Below this line are records; transcribe exactly the lines between the one holding "环卫工李松山背着近20斤重的" and the one holding "ヒーロー風カッコイイあだ名 | 『仮面ウカダー』『ウルトラうかさんマン』 |", inclusive, and omit the pictures.
** Data records follows **
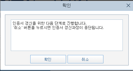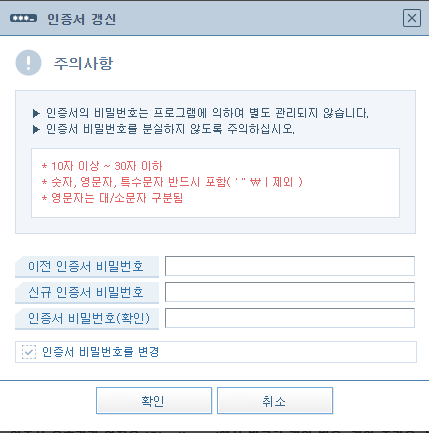비밀번호를 변경할 것이 아니라면 이전 인증서 비밀번호만 입력하고 확인을 눌러줍니다.
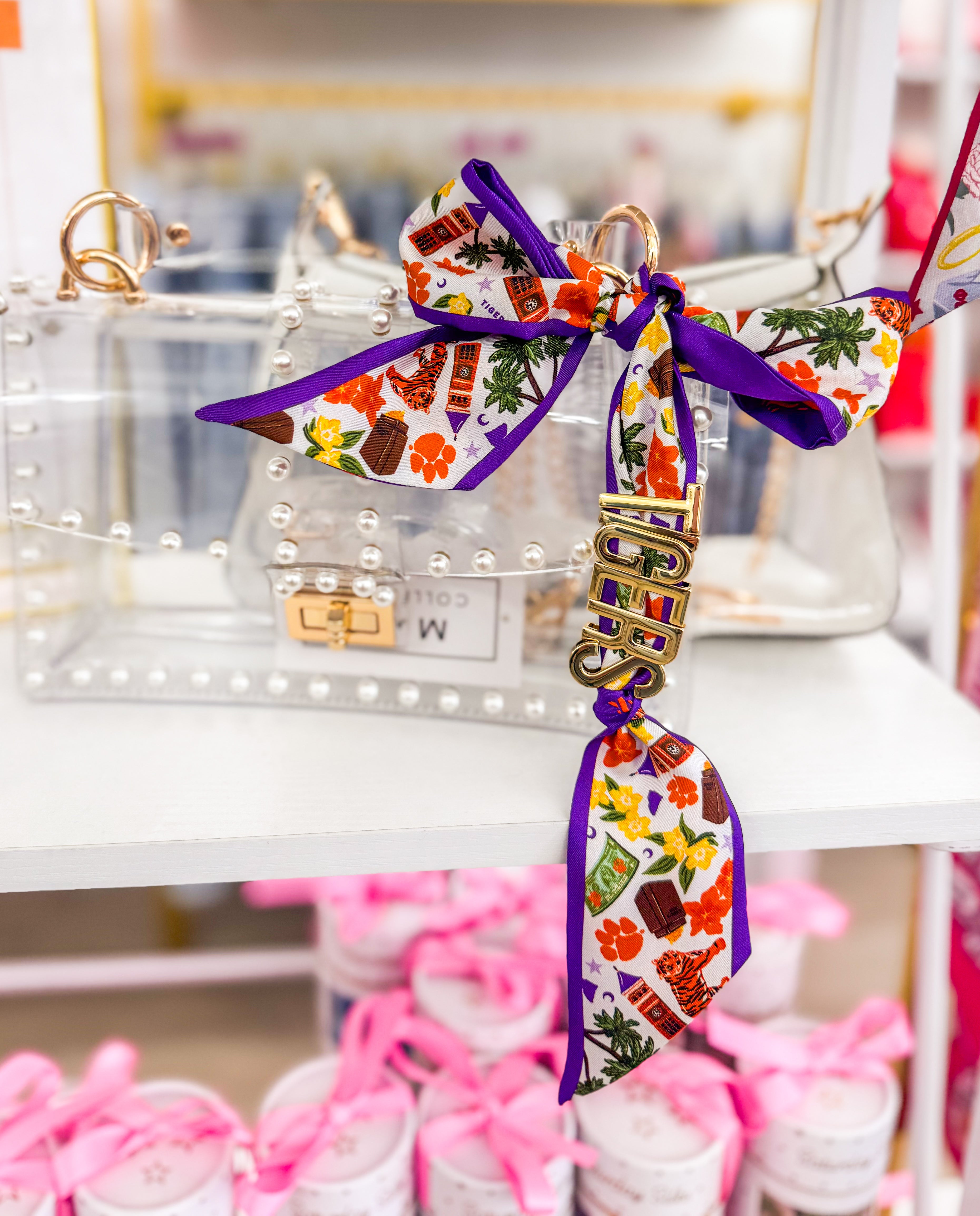 This LSU Twilly Scarf features elegant gold initial sliders spelling out "TIGERS," adding a refined touch of team pride to your outfit. Crafted to be both stylish and versatile, it can be worn in multiple ways—around your neck, as a headband, or wrapped on your handbag—making it a sophisticated accessory for any LSU supporter. The gold accents lend a premium feel, highlighting your dedication with subtle elegance.
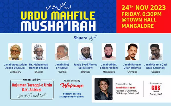 ನ.24 : ಮಂಗಳೂರಿನಲ್ಲಿ 'ಉರ್ದು ಮೆಹಫಿಲೇ ಮುಷಾಯಿರ' ಕಾರ್ಯಕ್ರಮ
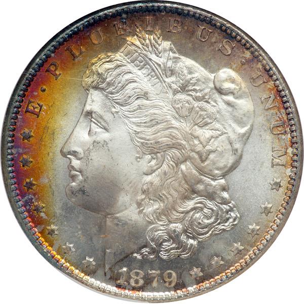 1879-S Morgan Dollar. Reverse of 1879. NGC graded MS-67 Star. Lovely partial golden toning on the obverse, silvery white exposed elsewhere. The San Francisco Mint dates in 1878-82 have some of the brightest, loveliest luster of all in this series. This coin exemplifies the quality one hopes to acquire (PCGS # 7092) .
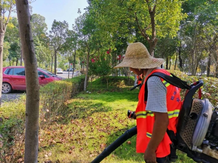 环卫工李松山背着近20斤重的吹风机,穿梭在草坪里。他和同事们要把落在草坪上的落叶吹出来,再打扫干净。
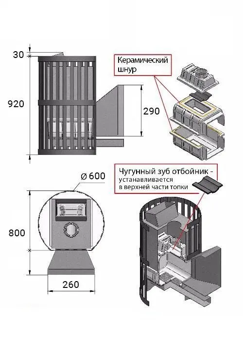 Банная чугунная печь Ураган Ковка 28 (205) укомплектована чугунной герметичной дверцей Везувий 205. Закрытая каменка изготовлена из стали и вмещает в себя не менее 60кг камней. Конвекционно-вентилируемый кожух "Стандарт" изготовлен из металлического прутка диаметром 6мм покрашенной черной термостойкой краской.
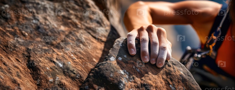 Рука альпиниста захватывает скалистую поверхность, поднимаясь по крутому обрыву
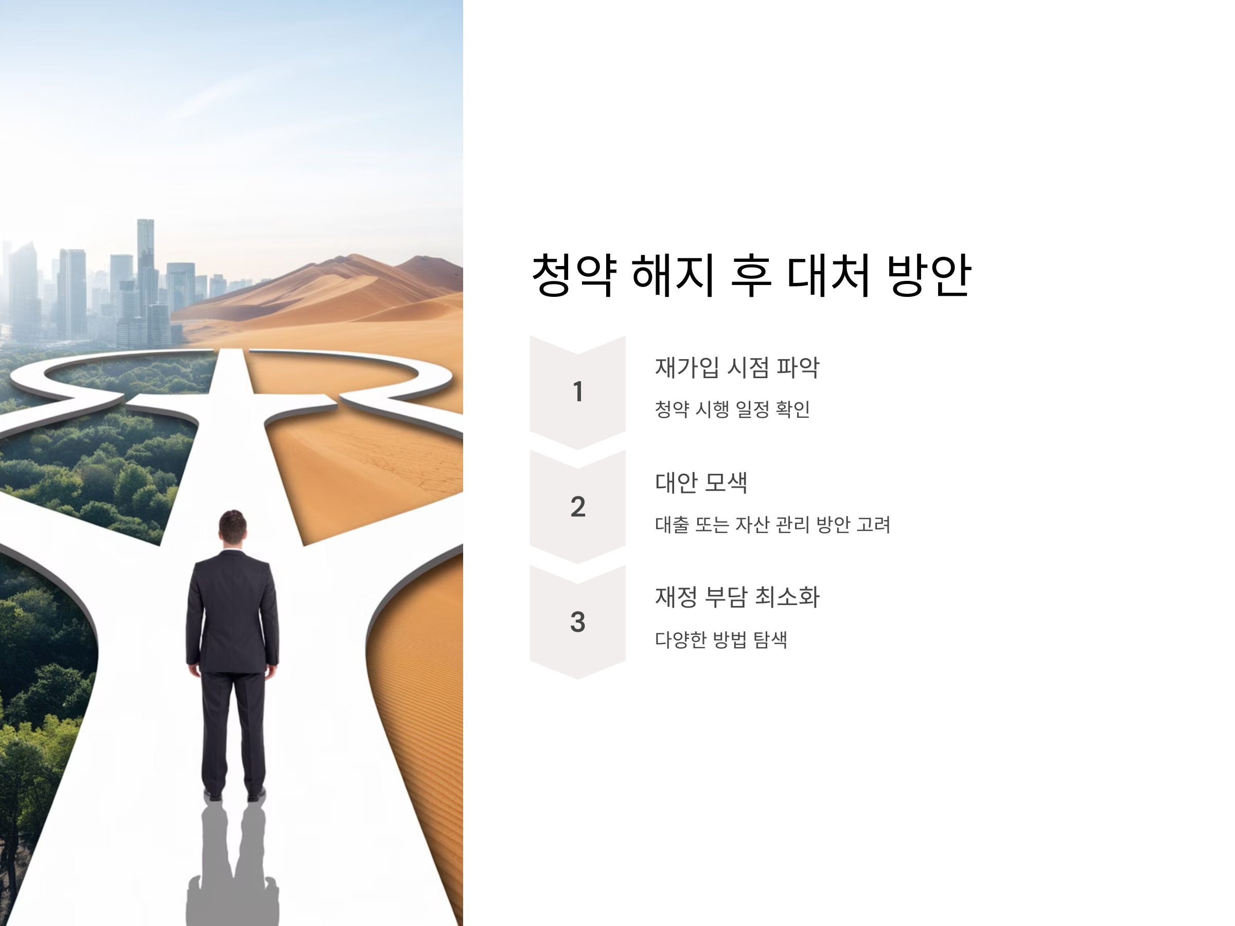 두 번째로, 해지 후에는 다른 형태의 재정적 대안을 고려하는 것도 좋은 방법입니다. 예를 들어, 대출을 통해 주택을 구입하거나, 다른 자산 관리 방안을 모색하는 것입니다. 이와 함께 청약을 해지한 후 재정적 부담을 덜 수 있는 방법을 찾아보는 것도 중요합니다.
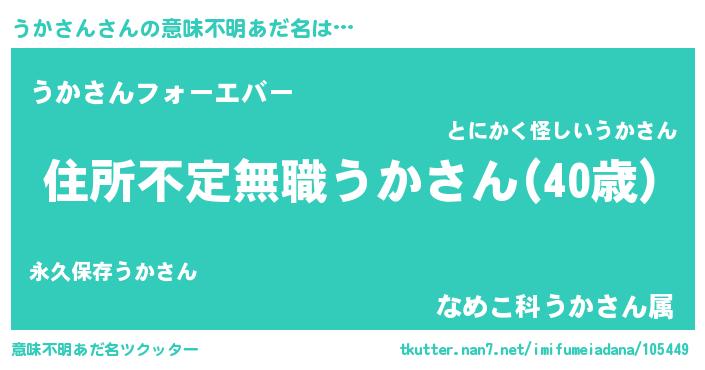 | ヒーロー風カッコイイあだ名 | 『仮面ウカダー』『ウルトラうかさんマン』 |
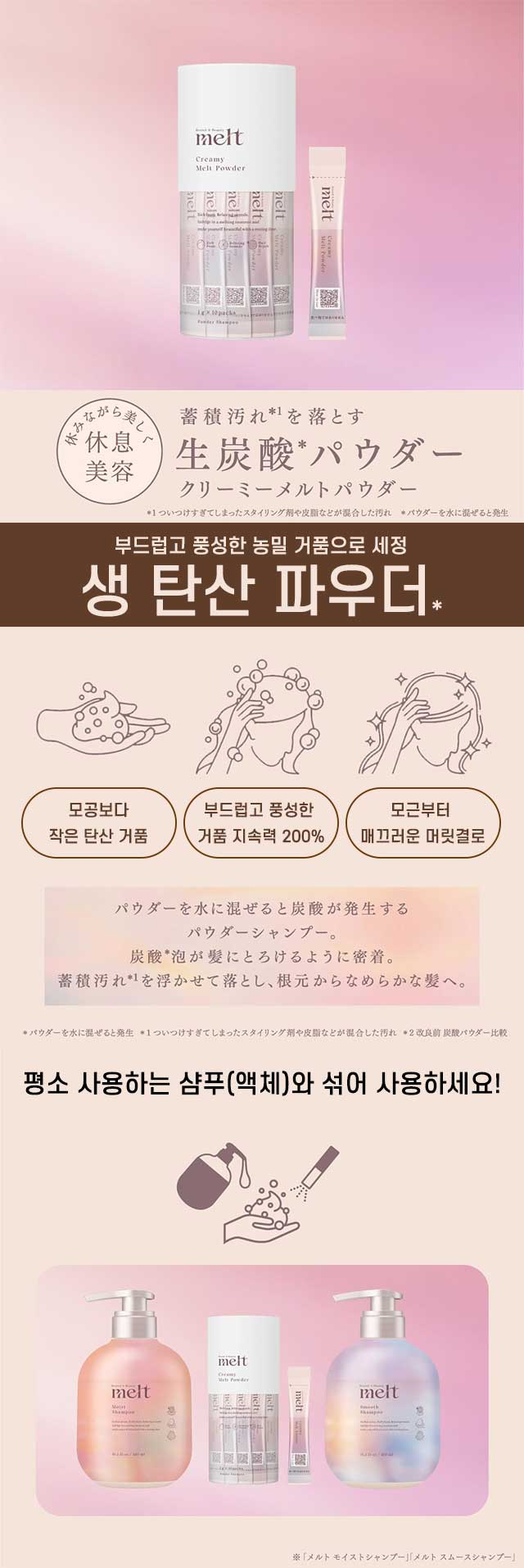 - home > 뷰티/화장품 > 헤어/두피/육모 > 두피/육모/탈모케어 > 멜트(melt) 크리미 멜트 파우더 생탄산 헤드스파 탄산 파우더 1g×10포
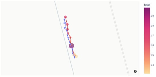 However, the radii of the circles around the MD coordinate (shown in yellow to red in Figure 5) are proportional to the horizontal dilution of precision (hdop), which is an estimation of the GNSS measurement accuracy in latitude and longitude. This accuracy depends on the exact positions of the (usually four) satellites, relative to the GNSS receiver. For instance, a low hdop value represents better positional precision, and a value of hdop between one and two is considered accurate enough for most sensitive applications. These values are comparable to those reported in animal-tracking studies using GPS tracking technologies [], although it is highly dependent on the geographical place where measurements were performed.
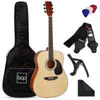 Best Choice Products 41in Full Size Beginner All Wood Acoustic Guitar Starter Set w/Case, Strap, Capo, Strings, Picks - Natural
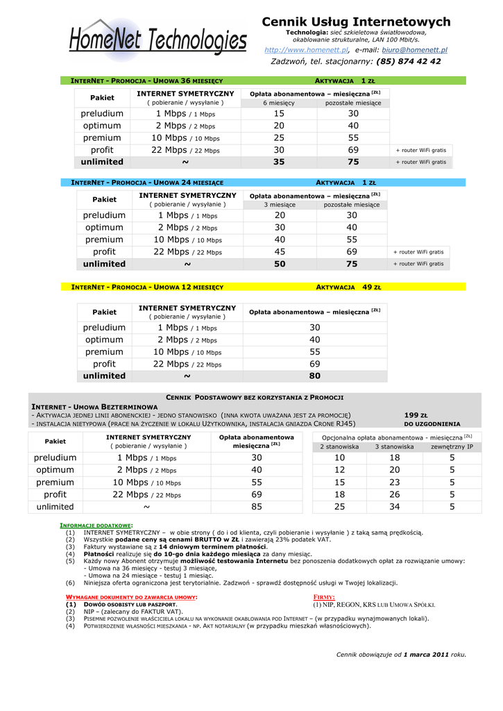 Cennik Usług Internetowych Technologia: sieć szkieletowa światłowodowa, okablowanie strukturalne, LAN 100 Mbit/s. http://www.homenett.pl, e-mail: [email protected] Zadzwoń, tel. stacjonarny: (85) 874 42 42 INTERNET - PROMOCJA - UMOWA 36 MIESIĘCY Pakiet preludium optimum premium profit unlimited INTERNET SYMETRYCZNY ( pobieranie / wysyłanie ) AKTYWACJA Opłata abonamentowa – miesięczna [ZŁ] 6 miesięcy pozostałe miesiące 1 Mbps / 1 Mbps 2 Mbps / 2 Mbps 10 Mbps / 10 Mbps 22 Mbps / 22 Mbps ~ 15 20 25 30 35 INTERNET - PROMOCJA - UMOWA 24 MIESIĄCE Pakiet preludium optimum premium profit unlimited INTERNET SYMETRYCZNY ( pobieranie / wysyłanie ) preludium optimum premium profit unlimited ( pobieranie / wysyłanie ) + router WiFi gratis + router WiFi gratis 1 ZŁ Opłata abonamentowa – miesięczna [ZŁ] 3 miesiące pozostałe miesiące 1 Mbps / 1 Mbps 2 Mbps / 2 Mbps 10 Mbps / 10 Mbps 22 Mbps / 22 Mbps ~ INTERNET SYMETRYCZNY 30 40 55 69 75 AKTYWACJA 20 30 40 45 50 INTERNET - PROMOCJA - UMOWA 12 MIESIĘCY Pakiet 1 ZŁ 30 40 55 69 75 AKTYWACJA + router WiFi gratis + router WiFi gratis 49 ZŁ Opłata abonamentowa – miesięczna 1 Mbps / 1 Mbps 2 Mbps / 2 Mbps 10 Mbps / 10 Mbps 22 Mbps / 22 Mbps ~ [ZŁ] 30 40 55 69 80 CENNIK PODSTAWOWY BEZ KORZYSTANIA Z PROMOCJI INTERNET - UMOWA BEZTERMINOWA - AKTYWACJA JEDNEJ LINII ABONENCKIEJ - JEDNO STANOWISKO (INNA KWOTA UWAŻANA JEST ZA PROMOCJĘ) - INSTALACJA NIETYPOWA (PRACE NA ŻYCZENIE W LOKALU UŻYTKOWNIKA, INSTALACJA GNIAZDA CRONE RJ45) INTERNET SYMETRYCZNY ( pobieranie / wysyłanie ) Pakiet preludium optimum premium profit unlimited 1 Mbps / 1 Mbps 2 Mbps / 2 Mbps 10 Mbps / 10 Mbps 22 Mbps / 22 Mbps ~ 199 ZŁ DO UZGODNIENIA Opcjonalna opłata abonamentowa - miesięczna [ZŁ] Opłata abonamentowa miesięczna [ZŁ] 2 stanowiska 3 stanowiska zewnętrzny IP 30 40 55 69 85 10 12 15 18 25 18 20 23 26 34 5 5 5 5 5 INFORMACJE DODATKOWE: (1) INTERNET SYMETRYCZNY – w obie strony ( do i od klienta, czyli pobieranie i wysyłanie ) z taką samą prędkością. (2) Wszystkie podane ceny są cenami BRUTTO w ZŁ i zawierają 23% podatek VAT. (3) Faktury wystawiane są z 14 dniowym terminem płatności. (4) Płatności realizuje się do 10-go dnia każdego miesiąca za dany miesiąc. (5) Każdy nowy Abonent otrzymuje możliwość testowania Internetu bez ponoszenia dodatkowych opłat za rozwiązanie umowy: - Umowa na 36 miesięcy - testuj 3 miesiące, - Umowa na 24 miesiące - testuj 1 miesiąc. (6) Niniejsza oferta ograniczona jest terytorialnie. Zadzwoń - sprawdź dostępność usługi w Twojej lokalizacji. FIRMY: WYMAGANE DOKUMENTY DO ZAWARCIA UMOWY: (1) DOWÓD OSOBISTY LUB PASZPORT. (1) NIP, REGON, KRS LUB UMOWA SPÓŁKI. (2) NIP – (zalecany do FAKTUR VAT). (3) PISEMNE POZWOLENIE WŁAŚCICIELA LOKALU NA WYKONANIE OKABLOWANIA POD INTERNET – (w przypadku wynajmowanych lokali). (4) POTWIERDZENIE WŁASNOŚCI MIESZKANIA - NP. AKT NOTARIALNY (w przypadku mieszkań własnościowych). Cennik obowiązuje od 1 marca 2011 roku.
** End of Data records **
- Final answer
 环卫工李松山背着近20斤重的吹风机,穿梭在草坪里。他和同事们要把落在草坪上的落叶吹出来,再打扫干净。
 Банная чугунная печь Ураган Ковка 28 (205) укомплектована чугунной герметичной дверцей Везувий 205. Закрытая каменка изготовлена из стали и вмещает в себя не менее 60кг камней. Конвекционно-вентилируемый кожух "Стандарт" изготовлен из металлического прутка диаметром 6мм покрашенной черной термостойкой краской.
 Рука альпиниста захватывает скалистую поверхность, поднимаясь по крутому обрыву
 두 번째로, 해지 후에는 다른 형태의 재정적 대안을 고려하는 것도 좋은 방법입니다. 예를 들어, 대출을 통해 주택을 구입하거나, 다른 자산 관리 방안을 모색하는 것입니다. 이와 함께 청약을 해지한 후 재정적 부담을 덜 수 있는 방법을 찾아보는 것도 중요합니다.
 | ヒーロー風カッコイイあだ名 | 『仮面ウカダー』『ウルトラうかさんマン』 |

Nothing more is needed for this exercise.